Most of traditional finger vein identification systems use a template in the form of bare data to store the finger vein information. Thus, the entire finger vein recognition system is likely to be completely exposed to the hacker attacks, which will make the biometric templates unsafe when it needs to store and transmit (Uludag et al. 2004). In this paper, we focus on the need for mechanisms guarding the user’s privacy with the help of biometric authentication. The secure storage system of users’ authentication templates should be robust and accessible (Rua et al. 2012; Kong et al. 2008). In detail, we have the following requirements:

Security: Keeping the original authentication and the user-specific factors is the primary task of the secured template. Even when his/her data are matched with other users, the privacy of the data should wholly intact.

Performance: When secure template is added to user authentication system, the performance must not seriously depress in comparison with other non-secured counterparts. Moreover, false reject rate (FRR) and false accept rate (FAR) should still stand the low level.

Renewability: The secured template and the user-specific factors should be revocable for the sake of compromise. If a valid authentication data are provided, then a new unparalleled template can be created.

To meet above requirements, we present a framework for template generation, which forecasts biometric data randomly and uses secret key to create a more reliable, efficient and unique biometric templates for identity verification. On the server side, the framework uses deep belief networks as the verification algorithm. The key feature of this scheme FVR-DLRP (random projections and deep belief network) can effectively ensure the security of user data without leakage, because of the complexity of the structure of deep belief networks. In addition, the framework performs multifactor authentications requiring biometric data and correcting user-specific password.
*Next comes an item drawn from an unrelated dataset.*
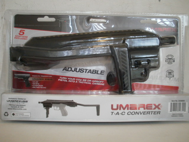 The Umarex T.A.C. Converter Kit can convert Fits these airsoft Pistols, The HK USP (airsoft and BB gun), S&W MP40 BB gun, Umarex XBG BB gun, Combat Zone Enforcer airsoft gun and Walther P99 DAO airsoft gun. This is One of the coolest tools to hit the market, this tactical pistol conversion kit takes your handguns to a whole new level! For airsoft players, you'll get more control over your pistols and gain some rails for adding optics, lasers and flashlights. You'll have an edge over the other team by getting more hits due to the added stability. Attach your CO2 BB pistol to this converter, and you'll give yourself more control for target shooting and plinking. In fact, if you find that it isn't easy to shoot pistols accurately, this converter may give you an advantage and deliver better accuracy. The T.A.C. converter Converts some airsoft and BB pistols to carbines*, Folding grip and stock, Removable foreward grip, Fixed front blade sight, Windage-adjustable rear sight, Long Weaver/Picatinny rail on top, 3 short Weaver/Picatinny rails (one of the rails is for the detachable forward grip), Overall length is 14" to 22.50", This Airsoftlegion package Includes 1 x Umarex T.A.C. Converter, 4 x adapters 1 x manual.

The paper is organized as follows. Section 2 reviews relevant work related to biometrics security. Section 3 explains the tradition biometric template generation schemes and discusses its disadvantages. In Sect. 4, we introduce our constructions for the FVR-DLRP scheme. In Sect. 5, the evaluation of the proposed framework is presented. Finally, we draw a conclusion and make a general summary of the future research direction.

2 Related works

Vein recognition technology is one of the highly reliable identity authentication methods, and scholars who study it are in increasing number due to its good specificity, uniqueness and hardness to be forged. As the second generation of biometric authentication technology, the finger vein recognition has become more popular and acceptable because of its outstanding advantages (Wang et al. 2013). Finger vein recognition is a kind of feature recognition technology of living creatures, and it draws enough attention in many fields, like biometric key (Li et al. 2015a; Wu et al. 2016a), hybrid cloud security (Li et al. 2015b), attribute-based encryptions (Li et al. 2013; Gu et al. 2014; Shen et al. 2015). Liu et al. (2010) presented a straight-forward matching algorithm about the template: First, an appropriate threshold obtained by experiment is set. Then the comparability between the test ones and the stored finger pictures is calculated. Lastly, compare the threshold and the calculated similarity. Only when the similarity is greater than the threshold, it can be considered that those two figures are matched and vice versa. Owing to the incomplete coordinate matching method, this process may be not efficient all the time. Li et al. (2007) extracted the features of the finger vein by using the invariant matrix, then judged the similarity between the test and training data through Hausdorff distance (HD) algorithm. The method combining principal component analysis (PCA) and linearity distinction analysis (LDA) proposed by Wang (2007) can increase the accuracy rate on the single feature recognition. The above matching methods all have large computational cost.

Fig. 1
figure 1

Traditional schemes of biometric template generation

A series of recent works focused on protecting the biometric data in the form of templates. These schemes roughly can be divided into two categories: biometric cryptosystems and feature transformation schemes (Jain et al. 2005). In biometric cryptosystems, user’s identification can be proofed by the generated data. And during enrollment and verification process, it use error-correcting codes to handle the intra-user variability of templates (Lim et al. 2012). Biometric cryptosystems have a good performance as preserving the inter-user variability (Maiorana 2010). But it is difficult to generate renewable templates in these systems. In feature transformation techniques, a transformation function should be applied to the original biometric data, which depends on a randomly generated user-specific key. Based on the above points, the feature transformation techniques present a good revocability. In this framework, Ratha et al. (2001) put forward a conceptual design of revocability biometric template for the first time. Many researchers have followed their work and proposed a variety of ways to construct the revocable template, which can be roughly divided into the following types:

  • Simple transformation method: Ang et al. (2005) proposed a method that feature image template uses feature points which is difficult to extract. But because of the positioning accuracy problem and reliability problems, the matching accuracy is not satisfied. In addition, there is no change in the detail feature point, which provides a reliable source of original data for attackers.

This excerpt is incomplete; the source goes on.